Task instructions = Please reproduce the lines of the records below from the one holding "Kayserispor teknik ekibi" through the one holding "1895, $1 Perry, black, type", inclusive, skipping all pictures.

Recorded information =
——————————

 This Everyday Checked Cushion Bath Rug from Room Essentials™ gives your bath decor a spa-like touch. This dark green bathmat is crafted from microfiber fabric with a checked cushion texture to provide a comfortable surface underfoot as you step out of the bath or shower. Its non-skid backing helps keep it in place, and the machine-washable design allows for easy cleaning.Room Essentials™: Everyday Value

——————————

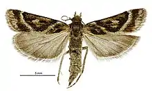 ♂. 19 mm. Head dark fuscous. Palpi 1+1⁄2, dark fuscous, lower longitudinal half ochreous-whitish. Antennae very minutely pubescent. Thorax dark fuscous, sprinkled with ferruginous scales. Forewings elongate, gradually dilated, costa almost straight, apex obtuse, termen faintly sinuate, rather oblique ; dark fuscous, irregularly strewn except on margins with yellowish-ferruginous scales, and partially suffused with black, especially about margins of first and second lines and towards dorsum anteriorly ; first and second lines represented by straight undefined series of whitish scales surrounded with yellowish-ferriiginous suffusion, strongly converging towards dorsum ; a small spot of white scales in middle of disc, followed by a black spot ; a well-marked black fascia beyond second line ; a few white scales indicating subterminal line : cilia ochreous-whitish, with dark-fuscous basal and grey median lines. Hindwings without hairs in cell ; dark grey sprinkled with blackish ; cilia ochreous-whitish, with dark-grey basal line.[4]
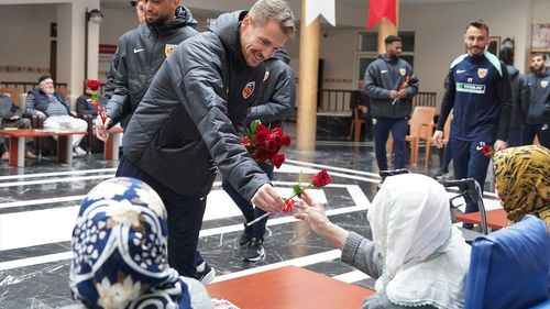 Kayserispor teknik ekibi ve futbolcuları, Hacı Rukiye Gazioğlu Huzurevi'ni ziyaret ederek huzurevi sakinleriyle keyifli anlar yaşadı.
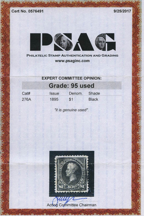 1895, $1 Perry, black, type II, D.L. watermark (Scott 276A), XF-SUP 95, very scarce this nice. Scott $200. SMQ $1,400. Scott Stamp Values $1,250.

——————————

Output of the exercise =
 Kayserispor teknik ekibi ve futbolcuları, Hacı Rukiye Gazioğlu Huzurevi'ni ziyaret ederek huzurevi sakinleriyle keyifli anlar yaşadı.
 1895, $1 Perry, black, type II, D.L. watermark (Scott 276A), XF-SUP 95, very scarce this nice. Scott $200. SMQ $1,400. Scott Stamp Values $1,250.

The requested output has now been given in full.